Sebagai remaja, saya sangat prihatin dengan teman-teman yang sering mencampur-adukkan bahasa, layaknya mencampur bumbu masakan. Semakin dicampur, semakin enak pula rasanya. Padahal hal ini sangat bertolak-belakang dengan kenyataan yang dibuktikan dengan lebih tingginya nilai Bahasa Inggris daripada nilai Bahasa Indonesia.
Banyak dari kita yang belum sadar dengan penjajahan sepert ini. Mereka lebih mementingkan gaya, gaul,dan sebagainya. Salah satu contohnya adalah ketika saya bertanya “menu makan siang hari ini apa?” mereka menjawab dengan santainya “chicken”.
Bahasa Indonesia juga dapat menyatukan perbedaan-perbedaan bahasa yang ada di Indonesia. Misalnya kata “jangan” di Jawa dan Sunda maknanya berbeda. Kalau di Jawa kata “jangan” berarti sayur, sedangkan di Sunda kata “jangan” berarti tidak boleh dilakukan. Itu merupakan satu kata yang sangat rentan dan bisa menimbulkan ketidaknyamanan terhadap orang salah mengerti.
Contoh pengaplikasian kata “jangan” adalah ketika orang Sunda bepergian ke Jawa, kemudian orang Sunda tersebut mampir ke warung pinggir jalan untuk makan.
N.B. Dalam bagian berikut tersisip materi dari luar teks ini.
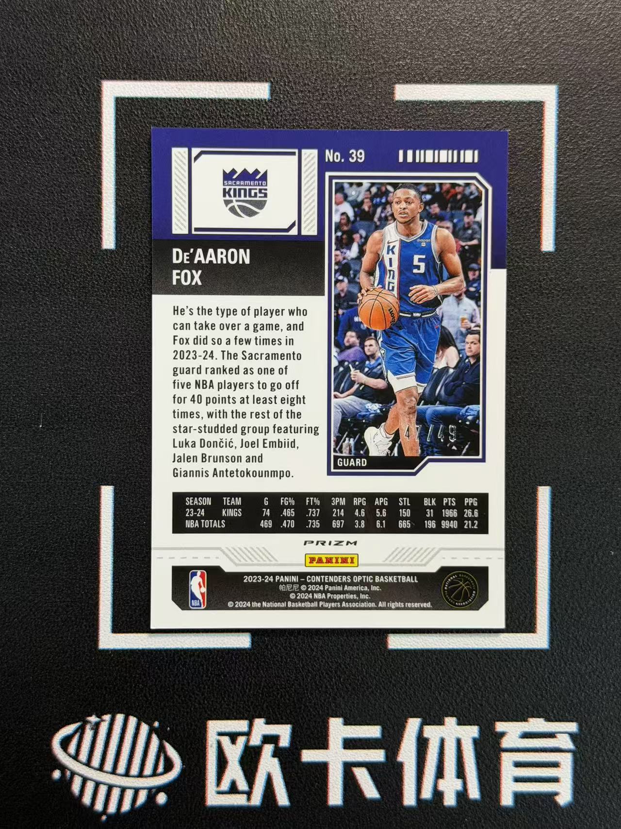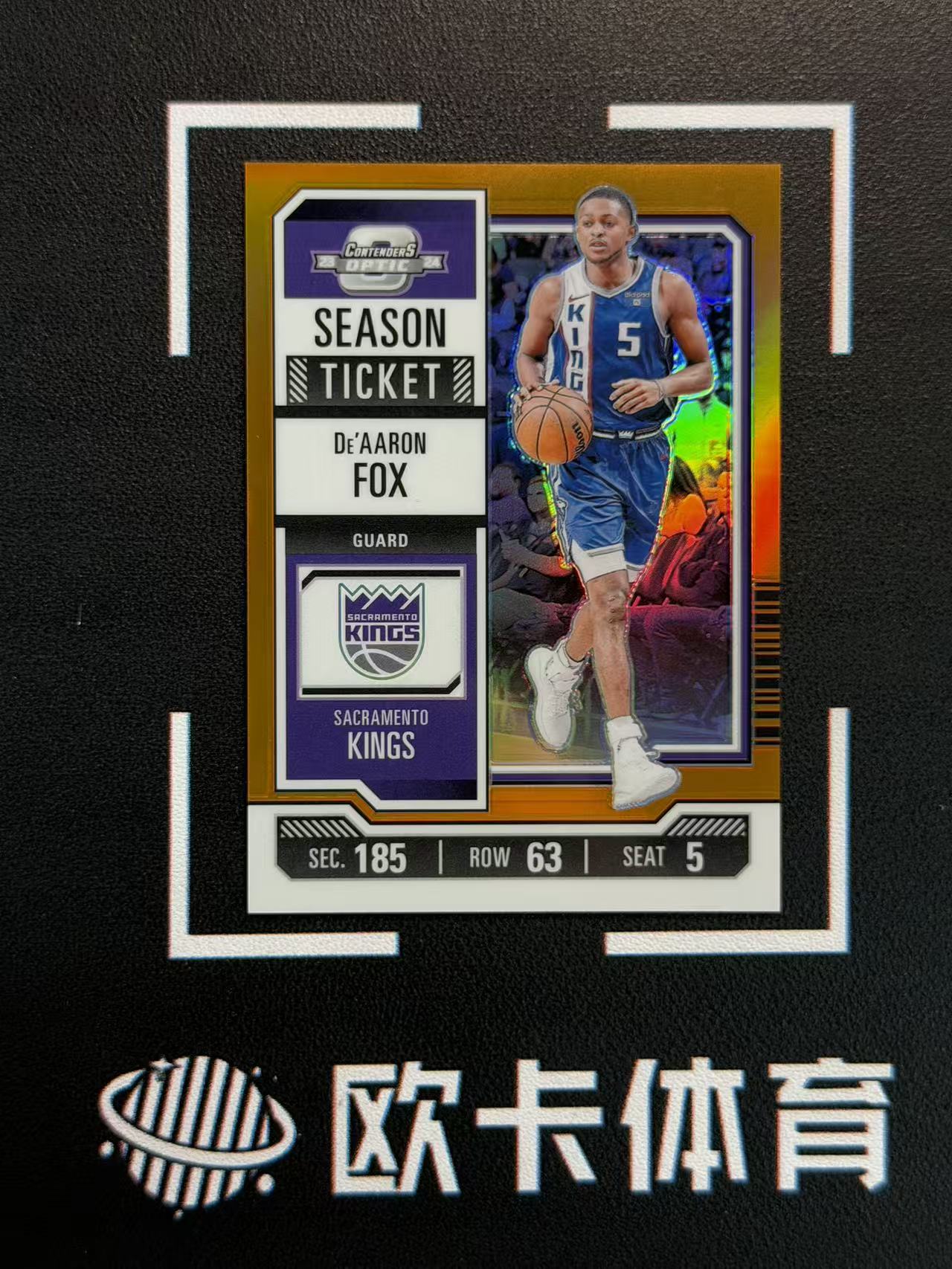 2023-24 Contenders Optic De'Aaron Fox 【欧卡体育】球票op 达龙 福克斯 小狐狸 /49编 橙折 国王 卡品如图(YDD)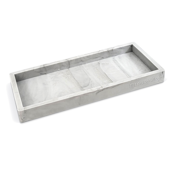 Spacewiser original flexible silicone tray in marble design (white and gray in freeform design).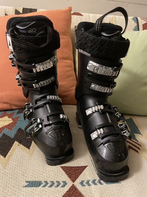 Prodam dobro ohranjene ženske smučarske čevlje velikosti 24/24.5, kar ustreza številki 38. Čevlji so primerni za smučarke z ožjimi stopali, po mojih izkušnjah so zelo udobni, lepo objamejo stopalo in omogočajo dober prenos sile. Namenjeni so smučarkam z osnovnim do srednje dobrim smučarskim znanjem, ki ne uporabljajo najtrših rekreativnih smuči.

Kemudian orang Sunda bertanya “ini namanya apa mas?”. “oh, itu namanya jangan sop”. “kalau yang ini apa mas?”. “itu jangan kelor mas”.
Sebagai remaja, mari kita junjung tinggi Bahasa Persatuan yakni, Bahasa Indonesia seperti yang tercantum pada “Sumpah Pemuda”. Mari kita hargai para pahlawan yang telah memperjuangkan negara ini dengan cara belajar Bahasa Indonesia dengan baik dan benar.